* _WHAT IS EXPECTED_
Once you find the line with "辽望客户端以《Paper and Fire" in the data that follows, repeat it and every line after it exactly, through the line with "Kleiner Bär schläft".

* _INPUT MATERIAL_
───

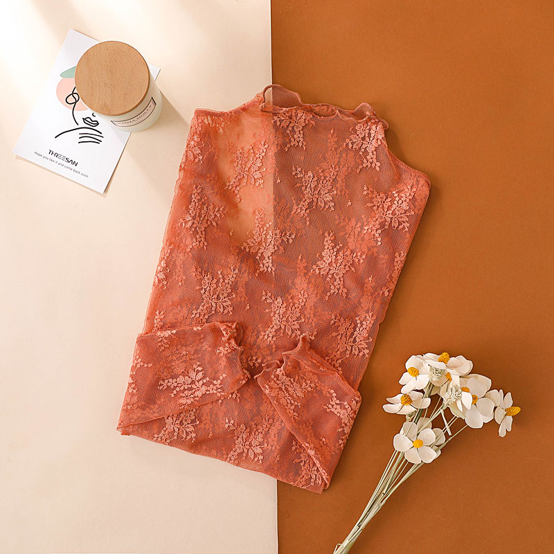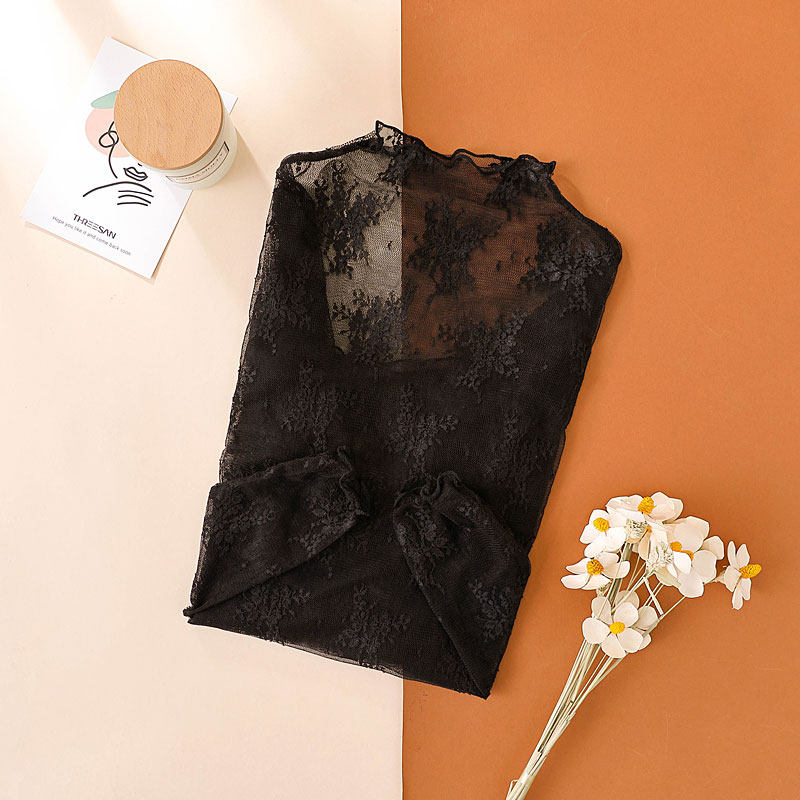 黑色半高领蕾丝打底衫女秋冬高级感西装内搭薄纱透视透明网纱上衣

───

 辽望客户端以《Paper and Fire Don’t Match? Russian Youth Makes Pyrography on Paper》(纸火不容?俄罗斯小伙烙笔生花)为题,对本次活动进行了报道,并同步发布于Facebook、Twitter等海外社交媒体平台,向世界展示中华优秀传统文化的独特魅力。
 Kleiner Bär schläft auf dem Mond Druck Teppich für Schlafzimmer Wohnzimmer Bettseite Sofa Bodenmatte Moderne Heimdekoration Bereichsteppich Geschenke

───

* _RESULT BELOW_
 辽望客户端以《Paper and Fire Don’t Match? Russian Youth Makes Pyrography on Paper》(纸火不容?俄罗斯小伙烙笔生花)为题,对本次活动进行了报道,并同步发布于Facebook、Twitter等海外社交媒体平台,向世界展示中华优秀传统文化的独特魅力。
 Kleiner Bär schläft auf dem Mond Druck Teppich für Schlafzimmer Wohnzimmer Bettseite Sofa Bodenmatte Moderne Heimdekoration Bereichsteppich Geschenke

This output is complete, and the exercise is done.